Perez-Gonzalez, Inaky inaky.perez-gonzalez at
Fri Feb 20 09:11:59 UTC 2004

> From: Jamie Lokier [mailto:jamie at]
> Perez-Gonzalez, Inaky wrote:

Well, first of all, sorry for the late response; I've been up to
my neck these last two weeks.

> Not doing ownership transferral is essential to avoid excessive scheduling.

Agreed completely. We are _very_ aware of that problem and are actively
working on a solution to it, that I've outlined already: on the 
RTNPTL+fusyn case, it is up to the application to decide what kind of 
unlock is done, if strict ownership transferal (expensive one in scheduling 
terms  in depending which cases) or the nonstrict, competitive one (did 
you call it stochastic?). Of course, we default to the last one.

Now, this gives the best of both worlds, so we don't force anything.

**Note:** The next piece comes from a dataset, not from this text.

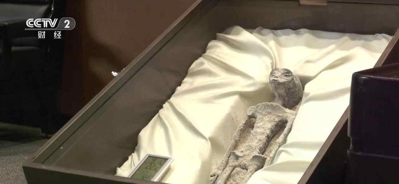在当天的听证会上,墨西哥议会对外展出了两具疑似“外星生物”的遗骸。这两具遗骸于2017年在秘鲁被发现,距今分别有1800年和700年。遗骸的头部细长,每只手有3根手指。从遗骸中提取的DNA也显示,它们并非人类。会上还展示了遗骸的X光图像,科学家称其中一具遗骸内有“蛋”,并且两具遗骸都植入了由包括锇在内的极其稀有金属制成的植入物。

On doing an automatic guess as you mention--that makes sense and seems 
very doable, but for RTNPTL+fusyn we'd have to refine the selection rules, 
but those are implementation  details.

> > > One clean and general way to implement general ownership transferral
> > > may be a combined wake+wait kernel primitive: you tell the kernel to
> > > wait on a futex until the word has a certain matching value (and
> > > futex_wake is called), then the kernel substitutes a different value
> > > and wakes you.  You specify both values.
> >
> > That's more or less the basis of fulocks :)
> Oh, you mean we can just add the function to futex and slip it in
> quietly that way? :)

Heh are getting ahead. 

I said basis because they are the basis, not the base. I think it is time
for a little bit of history of how fusyn came alive and why each piece is
there; I hope this will help you (and anyone else interested) understand 
the reason for each decission. 

In some sense, the RT requirements for locks boil down to:

1. O(1) operations everywhere [as possible]
2. Wake up/unlock by priority
3. Robustness (when a lock owner dies, first waiter is woken up owning
   the lock with an special error code).
4. Minimization of priority inversion:
4.1 on the acquisition of the lock
4.2 when the lock is acquired by a lower prio owner: priority protection
4.3 when the lock is acquired by a lower prio owner: priority inheritance
5. deadlock detection
6. Uncontended locks/unlocks must happen without kernel intervention
   [this is always implied as needed, so I won't name it all the time
    during the discussion]

If you remember, maybe not, my first inroad into this was a patch that
modified the selection rules of the futex to have them sorted by priority
using an adaptation of Ingo's prioarray list. It was the pfutex patch.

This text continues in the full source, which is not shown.